Actually, all the variance is front-to-back; it’s pretty flat, just not level. So probably @N_Y_NakiYozora 's point about exact position of the clips mattering is exactly what I’m seeing here, and playing with it I could probably improve this a lot. I’ll have to explore that when I next have a chance.

Clipping only at the back reduced overall variance with the glass, but it’s still showing more variance than the plain aluminum.

The metal store I visited this morning had no MIC-6 and hadn’t heard of ATP-5, and wondered whether 5083 was steel. :slight_smile:

One approach…

For a (conservative) 12" (304mm) square bed (small for rails):

$ 21 - BuildTak Printing Surface.
$ 35 - BuildTak FlexPlate.
$ 53 - 025" ATP-5 Aluminum plate from MidWest Steel (shipped).
Subtotal ~$109.

Plus…
$ ?? - (magnets to bore/bond into the plate & hold the bed)

For a (daring) 16"(406mm) square bed.
$ 21 - BuildTak Printing Surface.
$ 50 - BuildTak FlexPlate.
$ 74 - 025" ATP-5 Aluminum plate from MidWest Steel (shipped).
Subtotal ~$145.

https://www.midweststeelsupply.com/store/castaluminumplateatp5
https://www.buildtak.com/shop/https://www.buildtak.com/shop/

BTW, if you buy borosilicate glass, then it will not change dimension when heated. More expensive than ordinary glass, and still a poor thermal conductor, but better than plain glass.

@Stephanie_A I also bought ATP-5 from Midwest. I took your advice and asked them to wrap it in extra cardboard, but that was clearly ignored. I bought two plates, one for the X5S and one for my i3 clone. Both plates have some scratches in the plastic covering that look like the surface may be scratched. Planning to mill it (maybe this weekend) for a kinematic mount before putting the Keenovo pad on it.

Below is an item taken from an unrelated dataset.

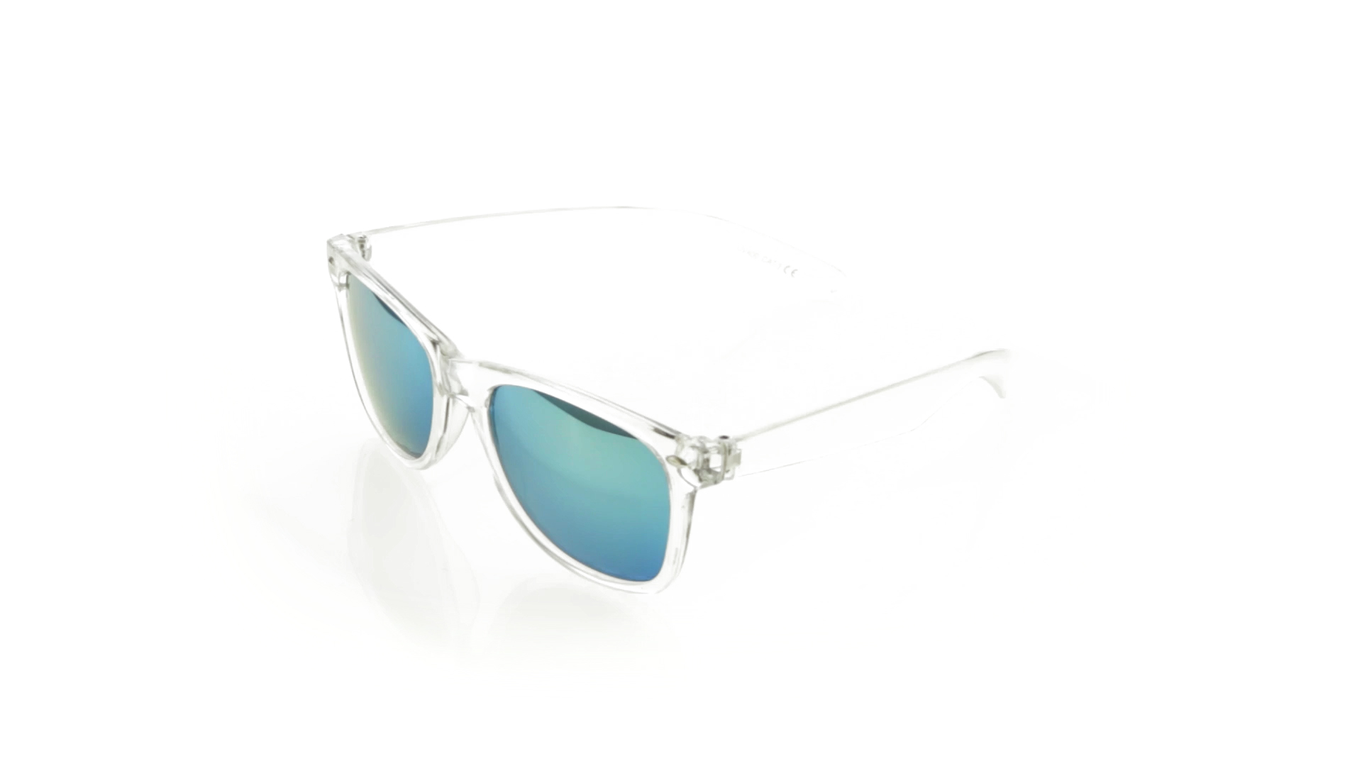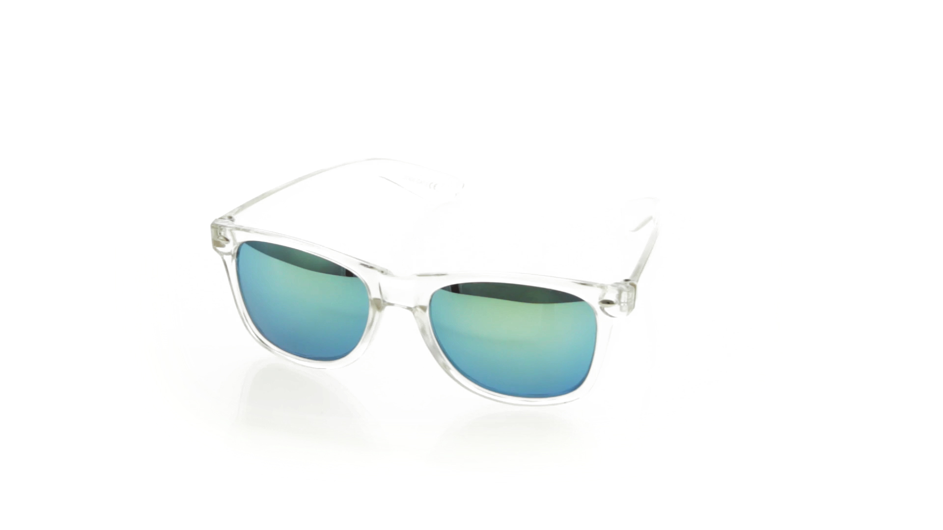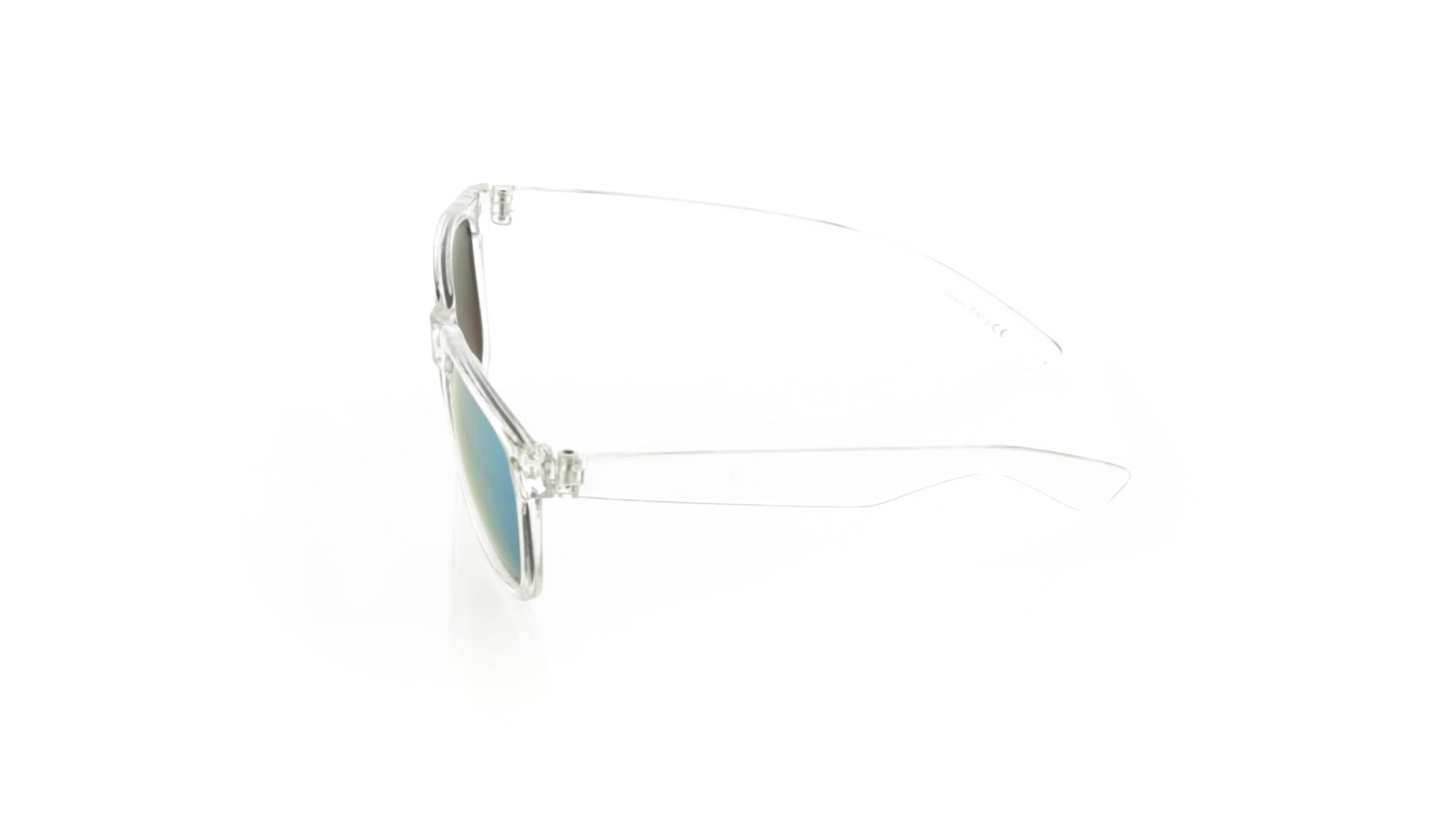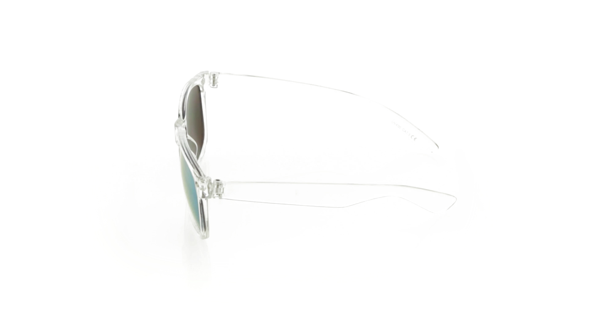 Sonnenbrille mit UV-400-Schutz und klassischem Design. Mit transparentem Rahmen und verspiegelten Gläsern in verschiedenen Farben.

I have a different order from Howard Precision’s “random rack” http://www.howardprecision.com/random-rack including some Alca-5 (which seems to be functionally identical to ATP-5) and I’ll see how that’s packaged when it arrives.

Promised update, a little late: Howard Precision’s pieces were a bit better packaged, with less swarf included, and with with layers of cardboard between pieces. Also, the pieces had a much cleaner edge and were cut more square than the pieces from Midwest.

They don’t have as easy an online order experience. You end up actually talking to a person after putting together a quote online. The quote was inclusive of shipping. They don’t take credit cards online; they take them by fax or phone; they are clearly oriented towards taking POs from businesses. But they did a good job. While I am generally satisfied with Midwest, I think I’ll check with Howard Precision first.